More experimentation is needed to find out the practical limits and benefits of HBCC – and that’s the subject of a whole different article – but it looks like it’s probably best suited to giving you a bit of additional headroom and not as a means of getting a 32GB GPU on the cheap. Even if it could handle such large datasets, performance would probably suffer considerably.
Flexible working is on the rise and long gone are the days when work ends as soon as you leave the office. AMD now includes a remote workstation capability for its Radeon Pro GPUs, which allow you access your 3D workstation from almost anywhere, on any device. Using a home PC, laptop or even a tablet, you basically get a window into your workstation with full 3D graphics acceleration, so you can spin your 3D models as if you were sat at your desk.
The WX 8200’s remote workstation capability is built into the core Radeon Pro driver and then there are then a few additional requirements: Citrix XenDesktop Virtual Delivery Agent (VDA) needs to be installed on the workstation and Citrix Receiver on the client device, so there is a licensing cost to consider.
We didn’t test out this capability, but Citrix is a proven technology and on paper it looks like a simple way to extend the reach of your desktop workstation – or even create a dedicated server for running 3D applications in a virtualized environment. The same technology is being used in the new HPE Edgeline EL4000 Engineering Workstation (EWS), which features Radeon Pro WX 4100 GPUs
Capturing the moment
Radeon Pro GPUs include a ‘professional-grade’ screen capture and recording software tool called ReLive. The utility was originally developed to capture and stream 3D games, but it also has professional applications; users can easily create videos for presentations and tutorials. The software provides full control over resolution and quality and you can also trim videos to length. The entire desktop can be captured, as well as specific regions or windowed applications. All in all, it’s a neat little utility.

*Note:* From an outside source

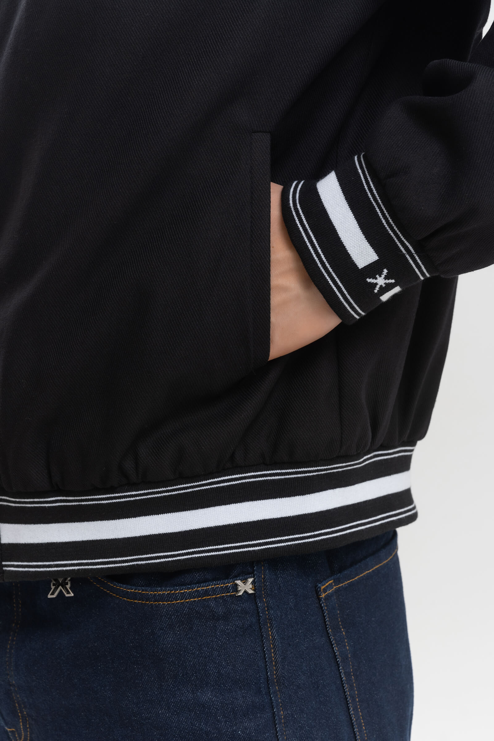 - Эластичные трикотажные манжеты и пояс с принтом полоска

The Radeon Pro WX 8200 is an interesting proposition for workstation users. By offering a slightly cut down version of the Radeon Pro WX 9100 at an attractive sub $1,000 price point, AMD is now better able to compete with Nvidia’s Quadros when it comes to price/performance.
The WX 8200 appears to do extremely well in OpenCL renderers and DirectX 12 applications, where it even beats the considerably more expensive Nvidia Quadro P5000. It does OK in OpenGL and DirectX 11 applications, generally sitting somewhere between the P4000 and P5000, but sometimes plays second fiddle to the Quadro P4000, which is over £100 cheaper and consumes much less power. In such workflows, one can only expect Nvidia’s lead to increase with the new Quadro RTX 4000, although we don’t yet know how much this soon-to-be-released GPU will cost.
But AMD holds a very big trump card when it comes to multi-tasking. It has done an excellent job of turning the humble ‘graphics card’ into a true multi-purpose processor, allowing users to swap seamlessly between graphics and compute tasks. Try rendering on an Nvidia GPU and then spinning a model in your 3D design tool and your experience will likely be choppy in comparison. Users can get around this with multi-GPUs, where one is dedicated to graphics and the other to compute, but that’s an expensive way to solve the problem and will mean one of your GPUs sits idle some of the time. Some renderers allow you to reduce the load on GPU, but this will extend the rendering times and you won’t be taking full advantage of the GPU, even when you’re not spinning your 3D model.
As always with pro applications, it all boils down to workflows. Nvidia might currently be the Usain Bolt of 3D graphics and the favourite in a flat race. But if you want to juggle circus balls, while powering down the back straight, our money would be on AMD.